Quick start (command line interface)ΒΆ

This tutorial explains how you can let an agent learn in a certain environment using the command line interface. It assumes that you already installed the MMLF successfully.

Lets assume you just want to test the TD Lambda agent in the Mountain Car environment. Starting this is essentially a one-liner at the command line:

run_mmlf --config mountain_car/world_td_lambda_exploration.yaml

This will start the MMLF and execute the world defined in the file world_td_lambda_exploration.yaml

Note

If you installed the MMLF locally you might have to write ”./run_mmlf –config mountain_car/world_td_lambda_exploration.yaml” instead under unix-based OS.

Note

If this is your very first run of the MMLF, the MMLF will create the so-called “rw-directory” for your user. This rw-directory is essentially the place where the MMLF stores the configuration of all worlds and the log files etc. Per default this directory is the .mmlf directory in your home directory (Under MS Windows $HOME equals $USERPROFILE\.). If you want to change the configuration of a world, this is the place to do it (and not /etc/mmlf). If you want to use a different directory as rw-directory, you can specify this with the option “–rwpath”, for instance run_mmlf –config mountain_car/world_td_lambda_exploration.yaml –rwpath /home/someuser/Temp/mmlfrw” would use the directory “/home/someuser/Temp/mmlfrw” as rw-directory. This directory must be specified in each invocation of the MMLf again, the MMLF does not remember this path!

Once the MMLF rw-directory is created, the world will be started. Some information are printed out, for instance that the agent receives information about state and action space from the environment. Then, the agent starts to perform in the environment and the environments prints out some informations about how the agent performs:

'2011-02-15 11:12:39,700 FrameworkLog         INFO     Using MMLF RW area /home/jmetzen/.mmlf
'2011-02-15 11:12:39,700 FrameworkLog         INFO     Loading world from config file mountain_car/world_td_lambda_exploration.yaml.
'2011-02-15 11:12:40,642 AgentLog             INFO     TDLambdaAgent got new state-space:
        StateSpace:
                position        : ContinuousDimension(LimitType: soft, Limits: (-1.200,0.600))
                velocity        : ContinuousDimension(LimitType: soft, Limits: (-0.070,0.070))
'2011-02-15 11:12:40,646 AgentLog             INFO     TDLambdaAgent got new action-space:
        ActionSpace:
                thrust          : DiscreteDimension(Values: ['left', 'right', 'none'])
'2011-02-15 11:12:59,130 EnvironmentLog       INFO     No goal reached but 500 steps expired!
'2011-02-15 11:13:13,181 EnvironmentLog       INFO     No goal reached but 500 steps expired!
'2011-02-15 11:13:22,174 EnvironmentLog       INFO     No goal reached but 500 steps expired!
'2011-02-15 11:13:28,678 EnvironmentLog       INFO     Goal reached after 202 steps!
'2011-02-15 11:13:28,797 EnvironmentLog       INFO     Goal reached after 6 steps!

....

This shows that the agent wasn’t able to reach the goal during the first episodes but over time it finds its way to the goal more frequently and faster.
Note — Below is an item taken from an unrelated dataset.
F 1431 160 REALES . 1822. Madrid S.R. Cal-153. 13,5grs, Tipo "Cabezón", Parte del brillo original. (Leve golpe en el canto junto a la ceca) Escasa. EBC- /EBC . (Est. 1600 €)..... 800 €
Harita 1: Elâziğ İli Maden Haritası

You can observe the performance of the agent for some time and see if its performance improves. You can stop the world by CTRl^C.
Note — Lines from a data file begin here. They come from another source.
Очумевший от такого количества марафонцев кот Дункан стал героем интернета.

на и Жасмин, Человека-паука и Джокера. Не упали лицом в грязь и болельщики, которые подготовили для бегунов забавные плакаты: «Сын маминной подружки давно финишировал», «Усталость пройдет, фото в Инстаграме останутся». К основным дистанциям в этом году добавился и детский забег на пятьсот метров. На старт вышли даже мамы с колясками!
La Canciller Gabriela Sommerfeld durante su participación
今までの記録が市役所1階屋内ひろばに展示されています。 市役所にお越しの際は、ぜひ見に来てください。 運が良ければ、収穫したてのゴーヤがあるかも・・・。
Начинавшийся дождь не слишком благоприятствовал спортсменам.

Once you have stopped the learning, you can take a look in the MMLF RW area (the one created during your first run of the MMLF). There are now two subdirectories: config and logs. The logs directory contains information about the run you just conducted. Among other things, the length of the episodes is stored in a separated log file that can be used for later analysis of the agents performance. To learn more about this, you can take a look at the Logging page. For now, we focus on the config directory.
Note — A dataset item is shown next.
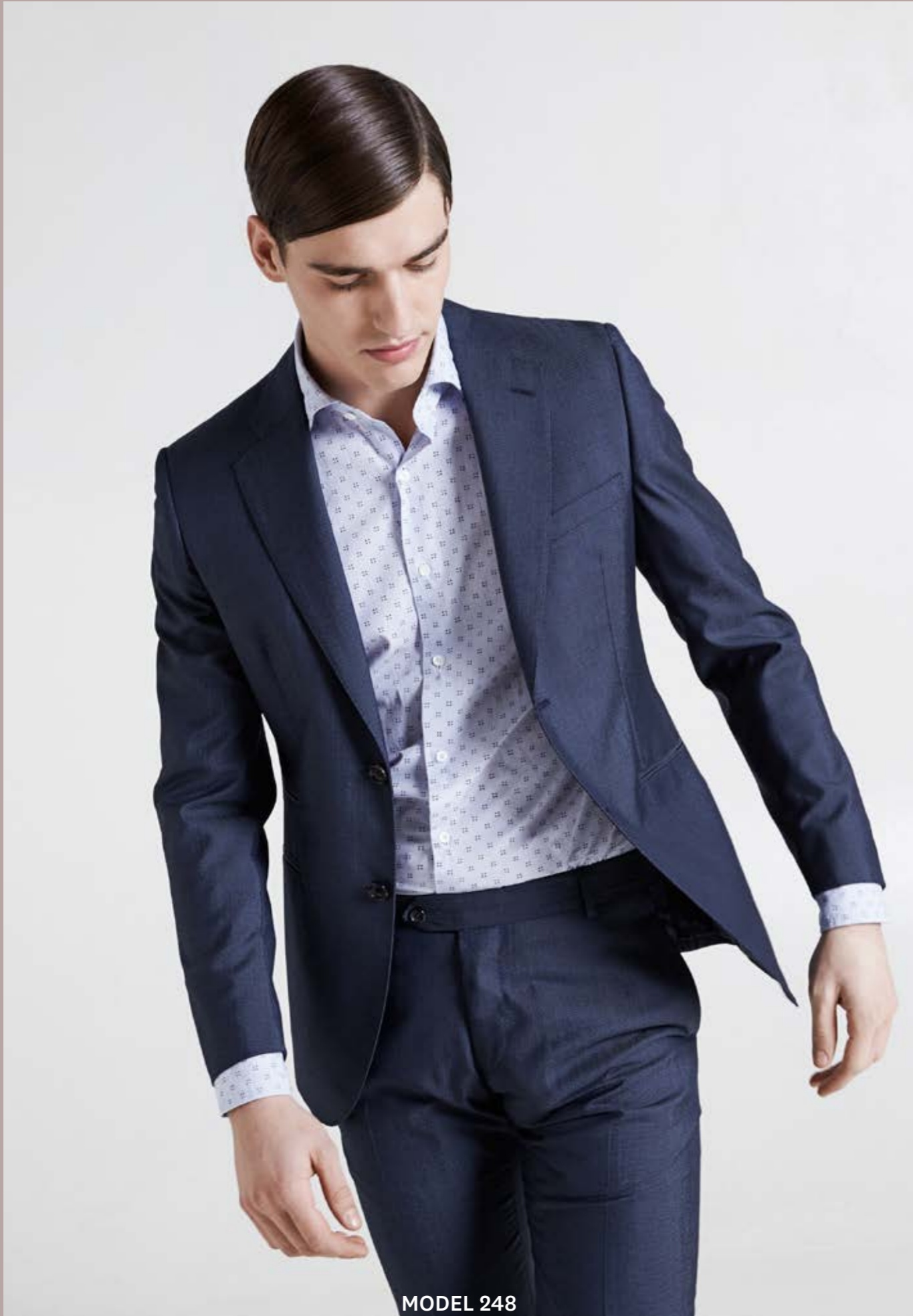
MODEL 248 ARTICLE 71505

The config directory contains configuration files for all worlds contained in the MMLF. Lets start with the world configuration file we just used to start our first MMLF run. This one is located in config/mountain_car. If we open world_td_lambda_exploration.yaml, we can see the following:

worldPackage : mountain_car
environment:
    moduleName : "mcar_env"
    configDict: 
        maxStepsPerEpisode : 500    
        accelerationFactor : 0.001
        maxGoalVelocity : 0.07
        positionNoise : 0.0
        velocityNoise : 0.0
agent:
    moduleName : "td_lambda_agent"
    configDict:
        gamma : 1.0
        epsilon : 0.01
        lambda : 0.95
        minTraceValue : 0.5
        defaultStateDimDiscretizations : 9
        defaultActionDimDiscretizations : 7
        function_approximator : 
            name : 'CMAC'
            number_of_tilings : 10
            learning_rate : 0.5
            update_rule : 'exaggerator'
            default : 0.0
monitor:
    policyLogFrequency : 25
    stateActionValuesLogging:
        logFrequency : 25
        stateDims: None
        actions : None
        rasterPoints : 50
    functionOverStateSpaceLogging:
        logFrequency : 25
        stateDims : None
        rasterPoints : 50

Basically, this file specifies where the python-modules for the agent and the environment are located and how the parameters of agent and environment are chosen. Furthermore, it specifies which information a module called “Monitor” will store periodically in the log directory (see Monitor for more details on that). The config directory contains a magnitude of world specification files, for instance world_dps.yaml in the directory mountain_car:

worldPackage : mountain_car
environment:
    moduleName : "mcar_env"
    configDict: 
        maxStepsPerEpisode : 500    
        accelerationFactor : 0.001
        maxGoalVelocity : 0.07
        positionNoise : 0.0
        velocityNoise : 0.0
agent:
    moduleName : "dps_agent"
    configDict:
        policy_search : 
            method: 'fixed_parametrization'
            policy: 
                type: 'linear'
                numOfDuplications: 1
                bias: True
            optimizer: 
                name: 'evolution_strategy'
                sigma:  1.0
                populationSize : 5
                evalsPerIndividual: 10
                numChildren: 10
monitor:
    policyLogFrequency : 1
    functionOverStateSpaceLogging:
        logFrequency : 25
        stateDims : None
        rasterPoints : 50

As you can see, the environments in the two configuration files are identical but the agents are different. This world can be started with a similar command as the first one, namely using

run_mmlf  --config mountain_car/world_dps.yaml

This will start a different learning agent (one using a Direct Policy Search algorithm for learning) and let it learn the mountain car task.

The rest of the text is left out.